Why it still matters: Because CPS is proposing a major student reassignment, the burden should be on CPS to show that the change will not reduce academic quality or disrupt student supports.
The missing numbers CPS should publish
Teacher transfer / retention
CPS has not published what percentage of current NHP teachers would transfer with students, move into the preschool program, transfer elsewhere, or leave CPS. This matters because school quality is not just a building. It is also teachers, relationships, routines, and institutional knowledge.
Family alternatives
CPS has not published what percentage of NHP families would choose homeschooling, private school, moving, or another alternative if NHP is removed as a neighborhood school. Public testimonials already show that some parents are considering alternatives rather than sending their children elsewhere.
Class-size impact
CPS has not published classroom-by-classroom projections showing what happens to class sizes at the receiving schools after NHP students are rezoned.
IEP and student-support continuity
CPS has not published a continuity plan showing how IEP services, related services, transportation, pickup routines, and therapy schedules would be protected for affected families.

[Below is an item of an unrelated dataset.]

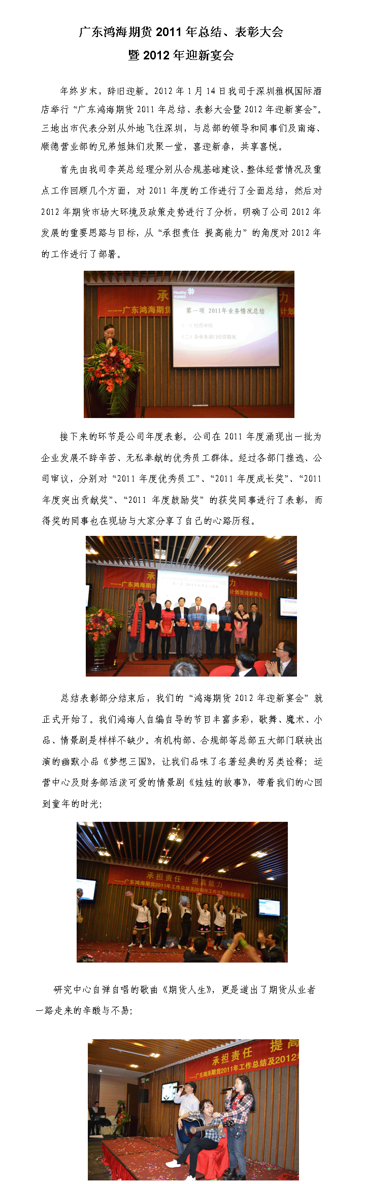 广东鸿海期货2011年总结、表彰大会暨2012年迎新宴会

Careful language on homeschooling and alternatives
We should not claim a percentage of families will homeschool or leave CPS unless we collect that data. The accurate statement is:
“Based on parent testimonials, there is a real risk that some families will pursue homeschooling, private school, moving, or other alternatives rather than accept the reassignment. CPS should survey affected families and publish the results before making a final decision.”
Source data tables
English / Reading trend table
| School | 2020-2021 | 2021-2022 | 2022-2023 | 2023-2024 | 2024-2025 | 2020-21 to 2024-25 change | 2024-25 gap vs NHP |
|---|---|---|---|---|---|---|---|
| Norfolk Highlands Primary | 58.0% | 70.0% | 75.9% | 66.2% | 69.2% | 11.2% | 0.0% |
| Georgetown Primary | 66.0% | 54.0% | 63.3% | 55.6% | 58.8% | -7.2% | -10.4% |
| Sparrow Road Intermediate | 53.0% | 66.0% | 65.2% | 66.0% | 64.4% | 11.4% | -4.9% |
| Thurgood Marshall Elementary | 58.0% | 70.0% | 75.1% | 59.3% | 53.2% | -4.8% | -16.1% |
Mathematics trend table
| School | 2020-2021 | 2021-2022 | 2022-2023 | 2023-2024 | 2024-2025 | 2020-21 to 2024-25 change | 2024-25 gap vs NHP |
|---|---|---|---|---|---|---|---|
| Norfolk Highlands Primary | 55.0% | 68.0% | 75.9% | 77.1% | 84.6% | 29.6% | 0.0% |
| Georgetown Primary | 60.0% | 64.0% | 70.5% | 62.5% | 62.3% | 2.3% | -22.3% |
| Sparrow Road Intermediate | 46.0% | 53.0% | 56.8% | 59.2% | 67.8% | 21.8% | -16.8% |
| Thurgood Marshall Elementary | 42.0% | 75.0% | 82.3% | 65.6% | 64.2% | 22.2% | -20.5% |
Download the source files
- Download the VDOE trend comparison workbook
- Download the English / Reading CSV
- Download the Math CSV
Note: These are school-level subject-area results for All Students. The 2020-21 school year should be interpreted carefully because SOL participation was affected by COVID. 2019-20 SOL results are not available because state assessments were cancelled.